So, what I want to see is someone fixing those existing problems, and building the trust needed to believe them when they say they are going to help maintain a huge project. I think this needs more than one person anyway.

Look at our old changelogs and you can see that applying all the stable kernel changes is something we used to do:

https://github.com/AndroidHardeningArchive/legacy_changes/blob/master/oreo/changes.2018.04.19.04

We'd then compare our work to the work done by Nathan Chance and look into why we sometimes ended up with different approaches. It was nice to at least have a 2nd opinion on it, and additional testing / review. It led to a lot of additional work due to the problems it causes and we really didn't have the resources to deal with it. Most of the security fixes don't get CVEs. A lot of security fixes without CVEs are applied in the stable branches, but at the same time, the upstream review and testing is very poor. We can't afford to introduce issues like ext4 data corruption, etc. These issues are not uncommon with those patches. It's largely 1 person (Greg KH) mostly blindly applying tons of changes. Greg KH is good at it, but he's human. We pretty much need to apply more resources to it than they do themselves upstream in order to promptly ship it. Google has the resources to deal with it but they haven't done it yet. They tie it to longer release cycles (quarterly maintenance releases, major releases) because it is so problematic.

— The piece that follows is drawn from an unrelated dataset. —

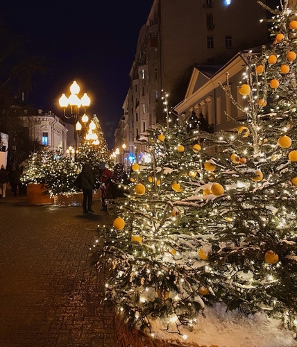 크리스마스 시즌이 끝나고 봄을 맞이하는 러시아 전통 축제 '마슬레니차' 주간이 진행되는 시기지만 아직 추운 날씨 때문인지 모스크바는 여전히 겨울 장식들로 반짝이고 있다. 저녁이 되자 조명이 켜지면서 아르바트 거리는 더욱 휘황찬란해졌다. 귤의 주황색이 부각되면서 추위 속에서도 따뜻한 분위기가 감돌았다.

Certainly something we can do, and we're much more willing to take risks to fix security issues faster, but within reason.

Also, if we're just going to cherry-pick certain things, like going through only issues with CVEs, then I don't see a reason to include patches to code we're not building, etc. Can make a script to determine which files are actually used in the build and then omit patches outside that scope so that more time can be spent reviewing the ones that are actually relevant. Similarly, can manually omit ones for unused architectures, etc. If that seems to create more work, rather than less, then I think the issue is the changes are not reviewed / understood. I don't think blindly applying changes is a good idea. Lots of the upstream patches are broken and have follow-up commits fixing them or completing them, often not marked as such, which is one of the issues.

@thestinger
Thank you for the extremely detailed response.
I am well aware of the history of GrapheneOS.
Maybe you don't remember but you helped me port the old CyanogenMod 12 based CopperheadOS to the OnePlus One with PaX.
https://divestos.org/images/screenshots/CopperheadOS-bacon.png
https://github.com/Divested-Mobile/DivestOS-Build/blob/c0083c15193868d07cb6715dc418d515dfa2ad48/Patches/OLD/bacon/Kernel-All/ch-12.1/21.patch

Solving this problem at the roots is definitely the way to go.
Collaboration of all of these various projects could be improved, as we all can only put in so much time.
Issues without CVEs are a big issue.
CVE patches that are broken (as grsecurity loves to always point out) are another big issue and me blindly propagating them to devices isn't smart.
But I guess I am desperate for these old device?
I will try to respond to some of your other comments later.

https://news.ycombinator.com/item?id=24590627